# Chicken-Pepperoni Rolls



## FrankZ (Mar 20, 2011)

*Ingredients

Rolls:*
Boneless/skinless Chicken breasts (pounded right flat).
2 slices sandwich pepperoni per breast (unless the breasts are really small).  I added extra pizza pepperonis cause I had them.
1 slice provolone per breast (add more, it's ok).
Shredded mozzarella. 


*Sauce:*
Can crushed tomatoes.
Little bit of white wine.
Some diced pepperoni (whatever looks good, I used pizza pepperoni and stacked about 2 inches).
Minced shallot.
Italian seasoning to taste.
Garlic powder to taste.
Crushed red pepper to taste.
*
Method*

*Rolls:*

Pound chicken really flat.  Put pepperoni and cheese on and roll up.  I tucked the edges first then rolled.  Tie with butchers twine or toothpick to close them

Brown in a large pan.

*Sauce:*

Sautee shallots and minced pepperoni for a couple of minutes.  Pour in wine and tomatoes.  Add spices and simmer.  

Put rolls in baking dish pour sauce over and cover with shredded mozzarella (don't be shy).  Baked in 350F preheated oven 30-40 minutes.
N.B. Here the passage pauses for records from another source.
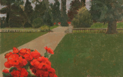 In a month, I take trains, buses and taxis to paint at Hidcote Manor, near Chipping Compton, (Gloucestershire); Buscot Park at Faringdon (Oxfordshire); Blenheim Palace, Woodstock (Oxfordshire); Rousham House, Steeple, (Oxfordshire); Ditchley Park, Woodstock (Oxfordshire); Rodmarton Manor, near Cirencester; Westonbirt Arboretum; Oxford College; Sisencote, near Cheltenham (Gloucestershire); Stowe, 3 miles from Buckingham (Buckinghamshire); Westbury Court, 9 miles southwest of Gloucester (Gloucestershire); Stourhead, Wiltshire; Tintinhull Garden, Somerset; Montacute House, Hestercombe, Taunton; Iford Manor, Bradford-on-Avon; Canterbury Cathedral and village; and Sissinghurst Castle.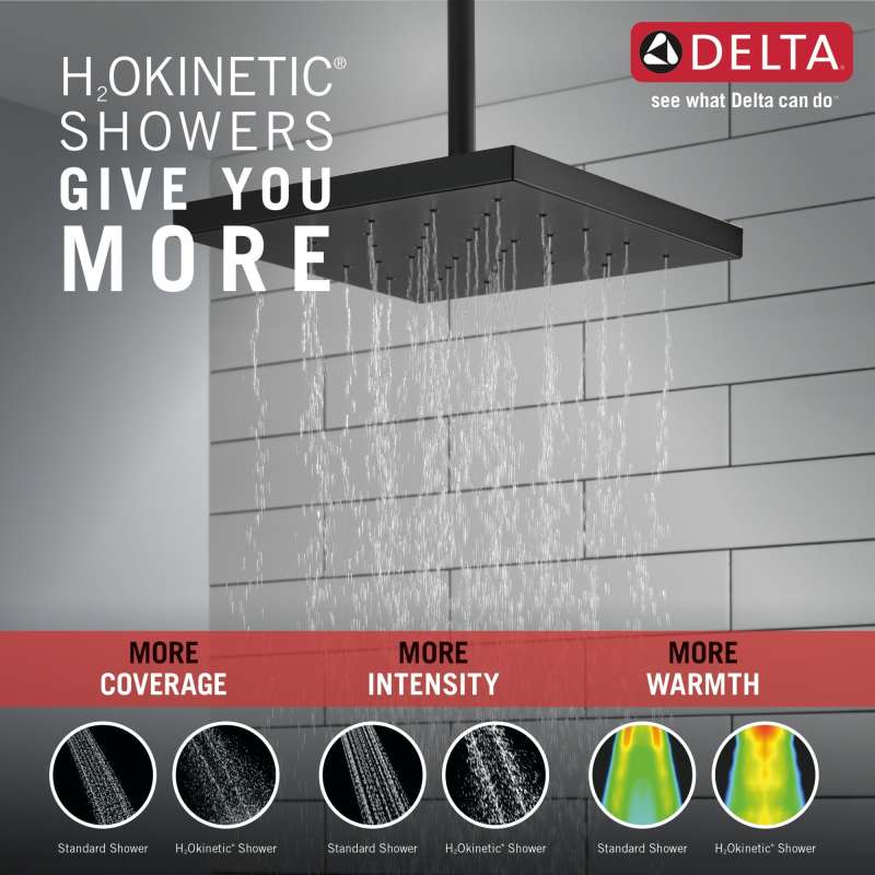 - H2Okinetic Shower technology sculpts water into a unique pattern, forming a powerful drench spray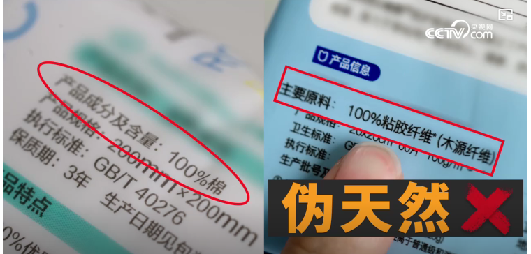 然而,“棉柔巾”和“绵柔巾”只有一字之差,却完全不同。部分商家很早就在宣传上混淆这两者,让消费者误以为“棉”的柔巾就一定是纯天然植物的,实则部分“棉柔巾”使用的是化学纤维。

Serve with a side of spaghetti.  

One roll per person should be sufficient... make extras.


----------



## PrincessFiona60 (Mar 21, 2011)

Those look so good!


----------



## Kathleen (Mar 21, 2011)

These were fantastic.  YUM.


----------



## PrincessFiona60 (Mar 21, 2011)

Kathleen said:


> These were fantastic. YUM.


 
They would be a good Bento on Orzo or Alphabet pasta


----------



## taxlady (Mar 21, 2011)

That looks and sounds really yummy. It's also a beautiful presentation. I like the way something rolled like that looks when it's cut and it impresses your guests


----------



## FrankZ (Mar 21, 2011)

You do have to remember, in your haste to eat it, to remove the butchers twine.


----------



## jabbur (Mar 21, 2011)

Those look wonderful!  I'd really like to try it but I always have trouble getting the meat pounded out nice.  That is one technique I don't have perfected.  I'm not sure what I do wrong but it seems like the meat disintegrates into mush before it thins out.


----------



## FrankZ (Mar 21, 2011)

Get a large headed meat hammer.  I start with the thickest part.  Be firm but you aren't trying to drive 8d nails into oak.  Use a large plastic bag to contain things.


----------



## DaveSoMD (Mar 21, 2011)

FrankZ said:


> You do have to remember, in your haste to eat it, to remove the butchers twine.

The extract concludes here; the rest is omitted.